Looking forward to Ur next series.

yet another1 said...

absolutely hilarious crystal!!
kept reminding me for some reason of austin powers :)

SeaSwallowMe said...

this was a load of fun, crys .... i caught up with all the episodes just now - it ended way too soon, in my opinion :-P

Peppy said...

aw man..that was soo you thinking of publishing such stuff for the booty squaders and such? cant begin to imagine the reaction though :-p second ssm on that one, ended way too soon..

De-Silva said...


this was ahsam! don't know the original...and frankly...dont care...! your version is my original!
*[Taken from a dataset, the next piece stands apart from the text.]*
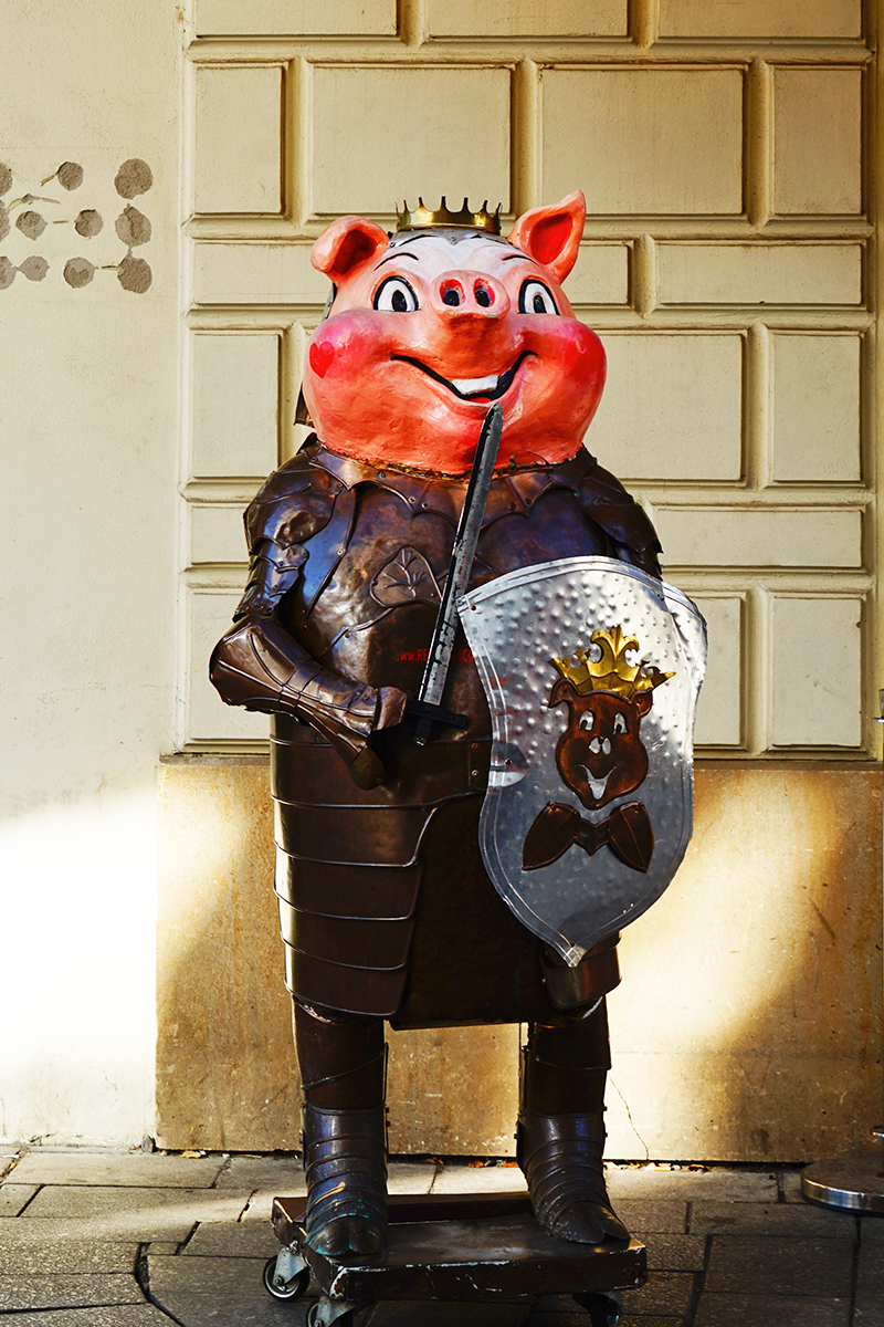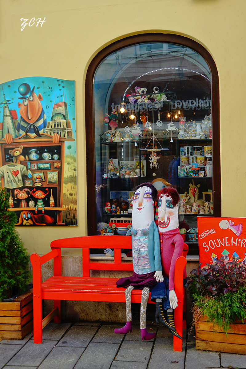 咖啡馆门前的这些可爱人偶给老城增添了一份喜剧色彩。

wonly wone queschun....why all ur story heroes names difficult to speel and pronounce? :D



Rads said...

A-m-a-z-i-n-g only!


Doh said...

Hilarious! great series!

Crystal blur said...

What? Ya didn't like the conclusion :O
Finally! Somebody who noticed the footer :)
Lol @ Austin Powers... Yeah, its prolly bcoz of all the sex jokes.
SSM & Peps,
Soweee but had to make it stop. I was more focussed on this series than my graduate school :)
Gives a high five. Ya liked my version da best yay! Thats what I'm talking about:) As far as the names go...well blame Vyasa...but have to admit I love the name "Yavakrida"...its got that oomph. Say the name aloud and you'll know what I am talking aout.."Yavakridaaah"!
Rads, Doh...
Thanks guys!!!
-Crys :)

MotoRama said...

Awww!Looks like u held back on lot of details..was expecting a kickass climax with kingdom surronded by mother deer..wanting her son back..while the bootylicious army "riding" the deer to make more Rishyaringa's..but i guess u were following a real story(which i had no idea of)...Enjoyed it.!Will read ur Mahabharatha series in the weekend..!

loveall said...

that's a rocking spoof.

Would like to read ur spoofs on the following -

Wedding of draupadi & the aftermath.

Release of 16000 girls from Jarasandha's prison by Krishna & the effects


Sandhya Tenneti said...

loved all ur posts on rishyasringa- u r super talented!

Satya said...

hey crys, you were saying you'd like to read the original? you can get it here (along with the rest of km ganguli's english translation of the mahabharata):

it's actually pretty short; just 4 sections (chapters).

Satya said...

re loveall: the 16,000 girls were actually released by krishna when he killed the asura bhauma aka naraka. when krishna took bhima to magadha, and bhima killed jarasandha, they released lots of kings that jarasandha was keeping captive (he wanted to use them in human sacrifice).